# Megs Express wash dilution?



## fethead (May 12, 2007)

Hi All.

Just used this for the first time today and was impressed with the feel, clean-ability and finish. I used the megs stated 1 oz per gallon. Does anyone have any other ratios they have used?

Thanks,

Richard


----------



## fethead (May 12, 2007)

WOW...so many responses to trawl through!

Any user experiences out there?


----------



## scratcher (Jul 20, 2010)

Just seen this thread.
I've been using it for the last few months. 15ml in 10l of water for a regular wash.
Pre wash mixed it 15ml in a 2l pressure sprayer.

Mixing it stronger cleans through tougher grim easier, but it can make it a little more effort to dry off. Not hard, just not as simple as it is with the 15ml mix.


----------



## fethead (May 12, 2007)

scratcher said:


> Just seen this thread.
> I've been using it for the last few months. 15ml in 10l of water for a regular wash.
> Pre wash mixed it 15ml in a 2l pressure sprayer.
> 
> Mixing it stronger cleans through tougher grim easier, but it can make it a little more effort to dry off. Not hard, just not as simple as it is with the 15ml mix.
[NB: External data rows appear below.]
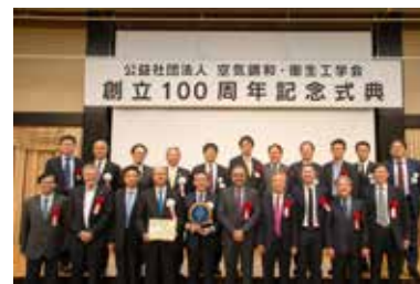
With agreement organizations on December 1, 2017
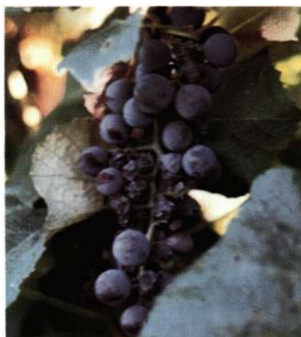
Fig. 2. Black rotted grapes shrivel in the cluster and resemble blue raisins.

ground and are an inoculum source for the rest of the season. American varieties such as Concord and Niagara are quite susceptible to the pathogen; Delaware and certain French-American hybrids are moderately resistant. Aurore is a particularly susceptible variety. (See Table 1).
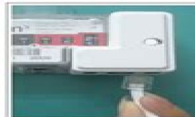
Gas pulse sensor- type A (Shown already attached to an Actaris meter)
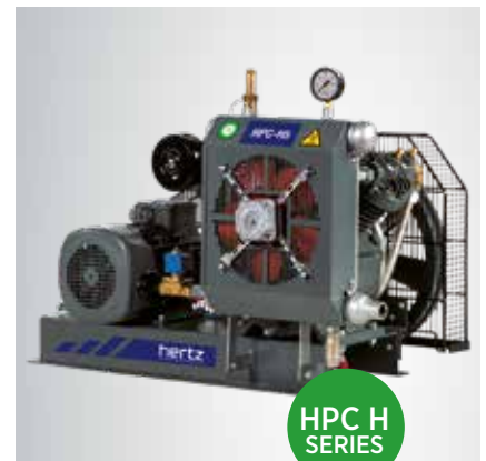
HPC H SERIES
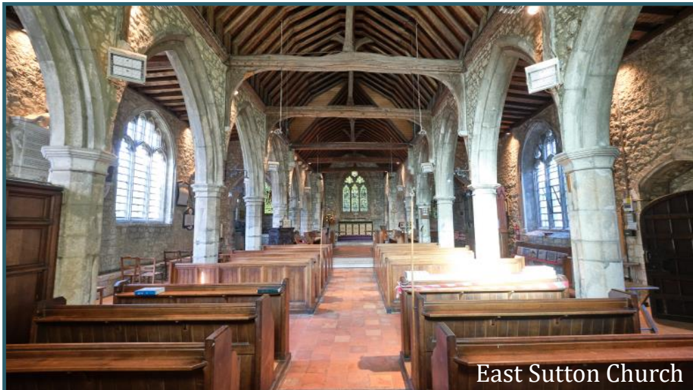
East Sutton Church
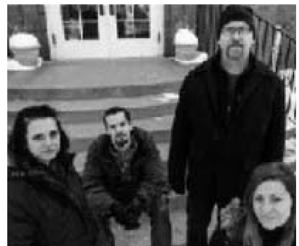
GREEN LEAF BAND

The McKinley Park Advisory Council will sponsor the Farmers Market Summer Concert Series at the President Monument, Archer & Western blvd. on Sundays from 12 noon to 1:15 p.m. Attendees should bring a chair or
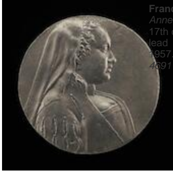
France 17th century Anne of Austria (1601-1666), Wife of King Louis XIII of France 1615 17th century lead 1957.14.1299 4697 Washington, D.C., District of Columbia, The National Gallery of Art
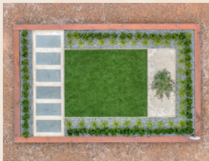
5. European Garden
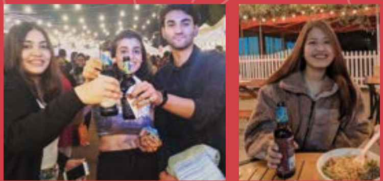
Local Food Fest 2022 - Raipur
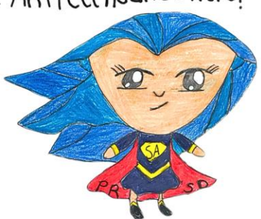
Be An Attendance Hero!
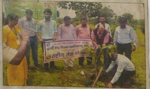
Dignitaries planting the saplings in the plantation programme.
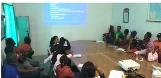
First Aid Training for employees at PT Nabire Baru and PT Sariwana Adi Perkasa. Organized by EHS Department in cooperation with medical team, 22 nd February 2019.
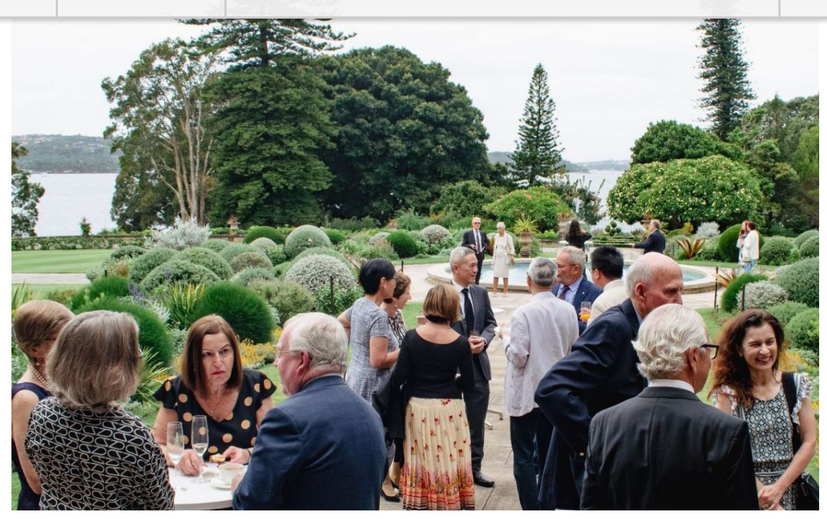
2RPH volunteers, staff and guests in the Government House garden

That is a lot lower than meguiars stated ratio or 1oz(28ml)/3.79lts(US gal) though!

How did you come up with 15ml in 10lts?

Thanks,

Richard


----------



## scratcher (Jul 20, 2010)

They're measurements are for the US. It's been brought up before that their water is much harsher than ours and less product can be used.
I came to the 15ml through trial and error. It was a case of using it a few times a week starting at around 50ml and working down until I found the best result for me.
Mixing it stronger left me with a solution that was harder to soak up when drying and left streaks sometimes. 
15ml gives me a very slick solution, cleans extremely well and plates and dries off with ease.


----------